Before going to Japan I was so lucky to be invited to meet in person with H.E. Chea Chanto, Governor of the National Bank of Cambodia and H.E. Sum Sannisith, Assistant Governor in charge of human resource management, to discuss about the central bank goals and the changing roles of the central bank in the future. The governor also advised me on the importance of independence of the central bank, Cambodia’s monetary policy framework in context of our highly dollarized economy, and ways to develop the banking sector in Cambodia while our country is integrating into ASEAN region. The meeting encouraged me and provided me with the confidence to study in Japan. There I was able to learn advanced skills in management, economics, and leadership from the Yokohama National University and could beneficially apply these skills and develop my career back home.
In particular, I could meaningfully advance my research interest in macroeconomic management, monetary policy and de-dollarization policy design, particularly in the case of Cambodia. Besides that, I could experience new, different cultures, people and places which taught me a great deal about social, non-academic life, which broadened my conscience and understanding of society as a whole.
6. Any message to the current JISPA scholars studying in Japan as well as potential candidates?
Hello my friends and colleagues! I am so proud to be a part of JISPA. I think that you are also so lucky to obtain JISPA scholarships to study in Japan, one of the top industrialized economies in the world. The program provided me with three valuable assets: knowledge of the changing world, networking, and friends from across the region. I truly benefited a lot in terms of technical competence and genteel skills from this program and have been able to contribute to policy development in Cambodia.

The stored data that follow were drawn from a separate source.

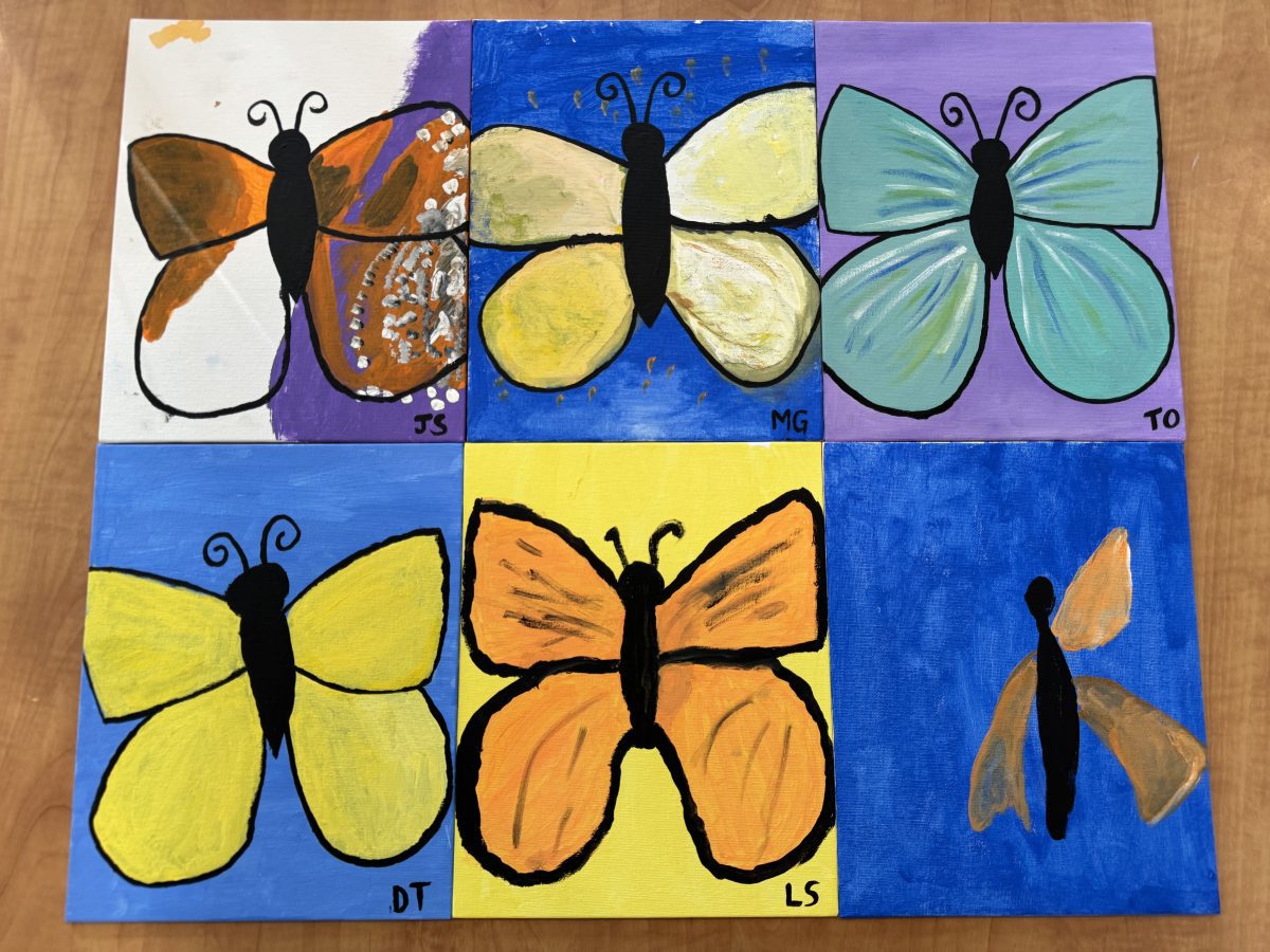 In light of our June butterfly release and summer weather, we created a few celebratory art pieces! We honored our butterflies with acrylic paintings and filter butterflies. And to ring in the hot temperatures, we pretended we were in a tropical oasis – or rather just painted it! With the late Keith Haring’s birthday being recently, we also learned about him and the beautiful and meaningful art he created. We made some of our own Haring inspired art with a Roll-A-Haring dice and drawing game!
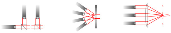 XCAN relies on far field CBC (also described as tiled-aperture CBC), a combining approach inherently limiting the efficiency to η = 65% theoretical value but offering two experimental key advantages: absence of a final optic dealing with the full combined peak and average power (see Figure 5) and near field access to individual control of phase, amplitude and polarization for digital laser applications [47,48].
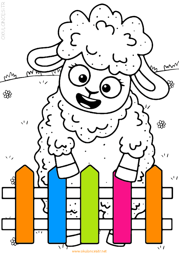 Çitlerin arkasından gülerek bakan koyun boyama sayfası ve rengarenk koyun boyamaları oyunu, renkli çizimi siyah beyaz kalıbı boyaması, basit, zor, kolay yavru keçi koyun kuzu boyama sayfaları kitabı. Koyun nasıl çizilir, ücretsiz çıkartın ya da resimleri pdf indir, kalıp yazdır. Kindergarten, preschool kids free goat lamb sheep coloring pages download and printables.
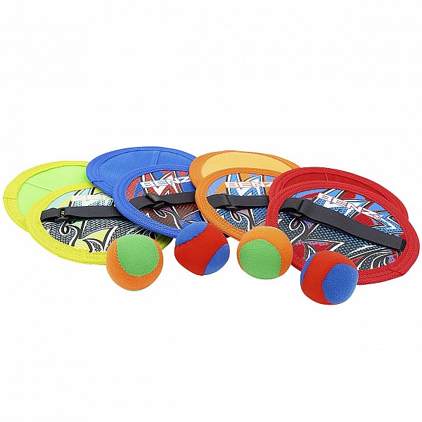 Catching and throwing fun at the beach, in the home garden or in nature. With this catch ball game, not only is fun guaranteed, you also train your eye-hand coordination as well as your reaction skills. The soft velcro ball set is particularly suitable for children from 3 years of age due to its low weight. With the help of the width-adjustable hand straps, the velcro ball hand catchers can be adapted to any hand size. Details: 2x neoprene Velcro handcatchers with width-adjustable hand strap; diameter Velcro handcatcher: approx. 18.5 cm; colour Velcro handcatcher: green / blue; 1x Soft Velcro ball; diameter Soft Velcro ball: approx. 6.25 cm; colour Soft Velcro ball: green / orange; Especially suitable for children from 3 years. Supplied in assorted colours according to stock!
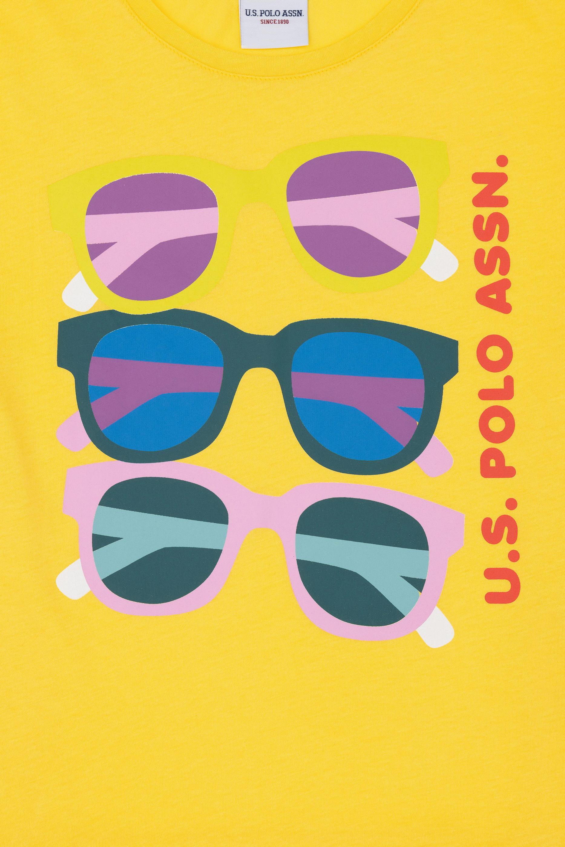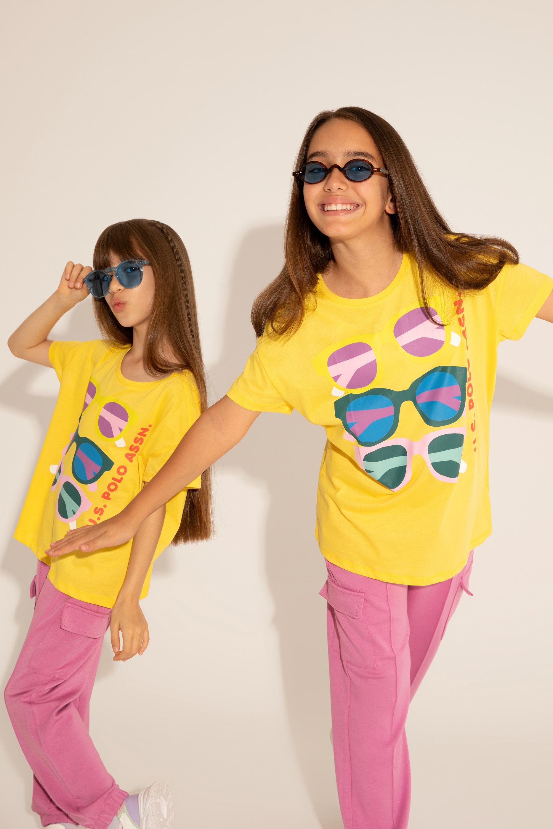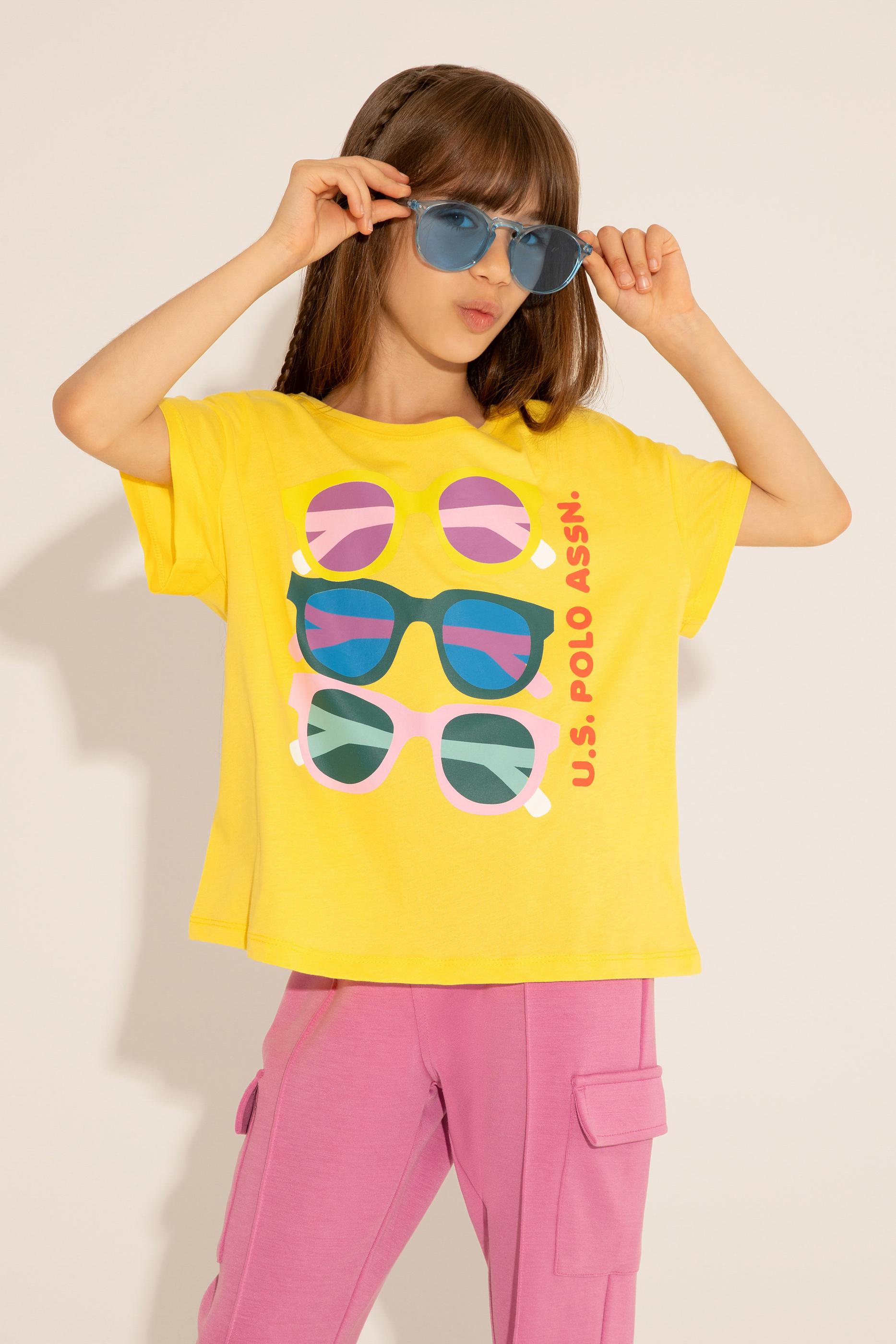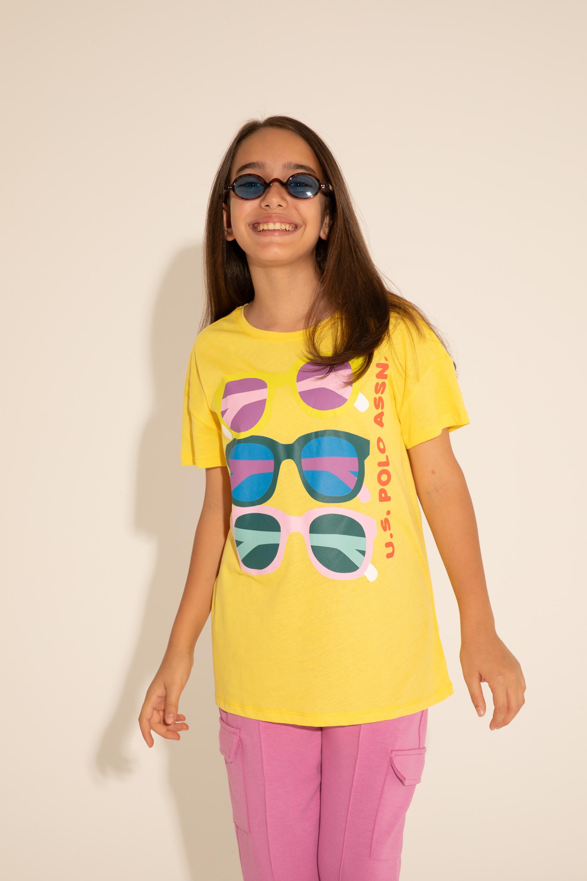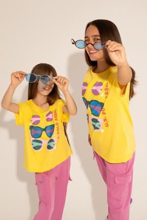 Ön kısmında yer alan renkli gözlük baskıları, tişörte dinamik ve neşeli bir hava katıyor. İnce detaylar, çocukların stiline eğlence katarken her ortamda dikkat çekici bir görünüm sunuyor. Sarının enerjisiyle buluşan baskılar, tişörtü sıradanlıktan çıkararak yaz aylarının vazgeçilmezi haline getiriyor. Tişört, parkta oyun oynarken, sahilde vakit geçirirken ya da günlük aktivitelerde ideal bir seçim olacaktır.
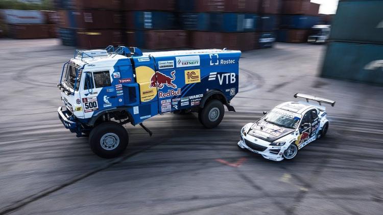 Ötən il Dakar ralli-reydində qalib gələn KAMAZ yük avtomobili kupe Mazda RX-8 yarış maşını ilə drift yarışa çıxıb. Red Bull şirkətinin yayımladığı videoda KAMAZı Eduard Nikolayev, Mazdanı isə zelandiyalı pilot Mayk Uiddett idarə edib. Drift gediş Sankt-Peterburqda yerləşən Kirov zavodunun ərazisində keçirilib. 9 tonluq KAMAZ təxminən 8 dəfə Mazdadan ağırdır. Yük maşının motor həcmi isə sportkupenin rotorlu aqreqatını 5 dəfə üstələyir. Amma at gücləri hər ikisində 1000-ə yaxındır.
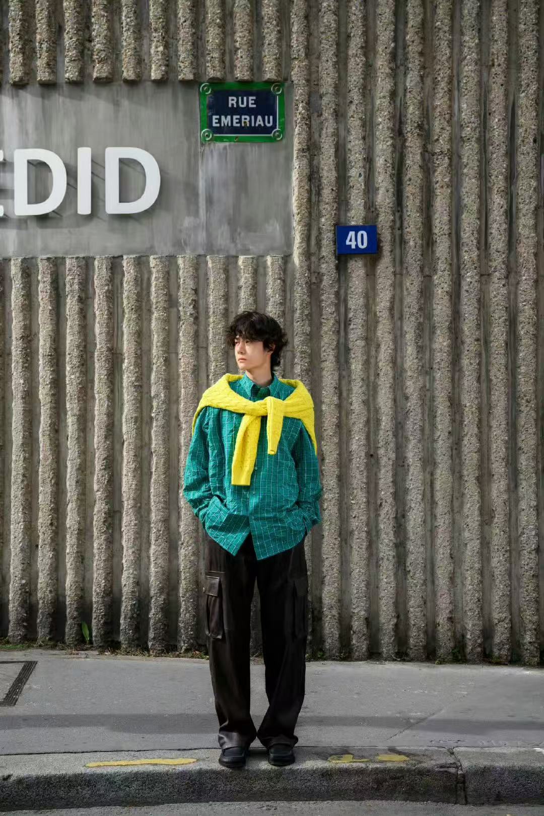 王一博绿衬衫黄披肩造型 潮男出街~王一博这一套太吸睛啦!
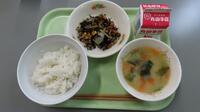 【今日のメニュー】麦ごはん、ひじきベーコン、ごぼう団子のみそ汁
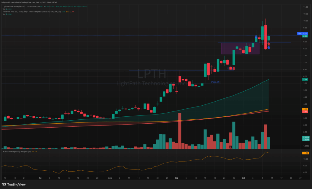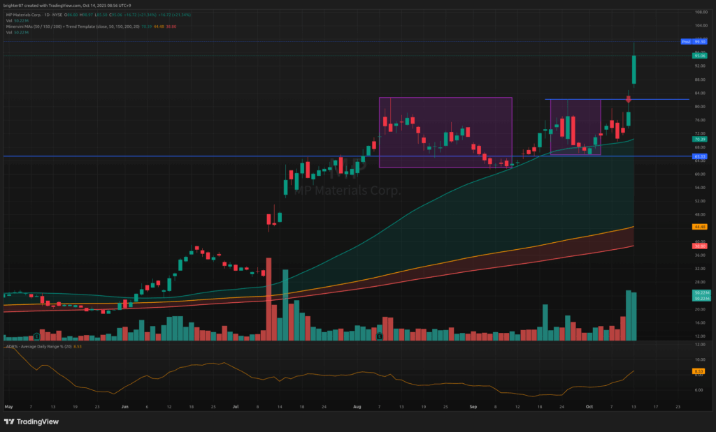 희토류는 강하다. 국장에서 희토류 종목도 매우 강한데, 미국 주식들도 강하다. MP도 위의 NVTS와 같은 예다. 박스권 횡보 후 강세장에서 시가가 박스권 돌파하며 시작. 그러나 MP 같은 경우 조금 먼저 지난 번 하락장에서 매수했다. 자기 혼자 상승하고 있었기 때문이기도 하고, 미중무역갈등이 지속되는 한 계속해서 상승할 수 있는 희토류 테마에 속한 종목이기 때문이다. 상승 흐름을 탓기 때문에 어떻게 흐르는지 지켜볼 계획. +15.12% 수익 중.
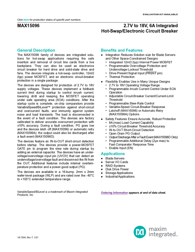 MAX15096D 2.7V to 18V, 6A Integrated Hot-Swap/Electronic Circuit Breaker
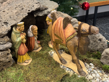 Auch die drei Heiligen Könige aus dem Morgenland sind bereits auf dem Weg; diese Szene ist im unteren rechten Bereich der Landschaft zu sehen. Die Krippenlandschaft zählt 23 Tier- und Menschenfiguren; sie sind 22 cm groß und bunt gefasst.
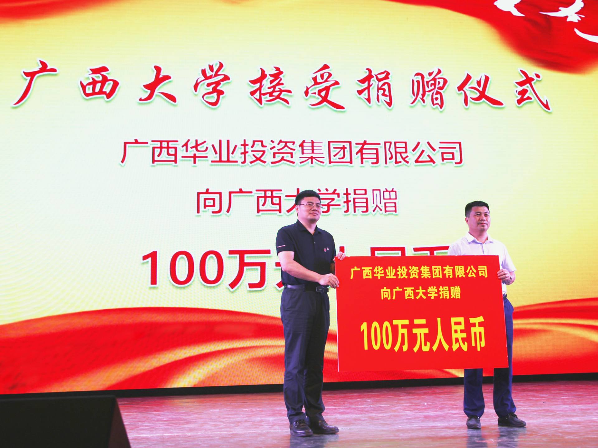 龍其生董事長代表華業(yè)集團(tuán)向廣西大學(xué)捐贈(zèng)100萬元

Thus, I would like to recommend future candidates to participate in this program.
7. Do you have any message that you wish to mention to Japan?
Profiting from this opportunity, I would like to express my profound thanks to the Japanese Government, Japanese people, the IMF, professors, and especially to JISPA for making this program available for junior officials from transition economies and essentially for changing me, my career life and my future into a much better and more useful one.
The scholarships supported by the Japanese Government and the Japanese people have been very important and provide opportunities for Cambodian people to learn from the successful experience of Japan in social and economic development. I highly value the great contribution from this scholarship for Cambodia while we are developing our country. Japan’s assistance will never be forgotten by the Cambodian people. I hope that the Japanese government and people will continue to provide such important assistance to Cambodia.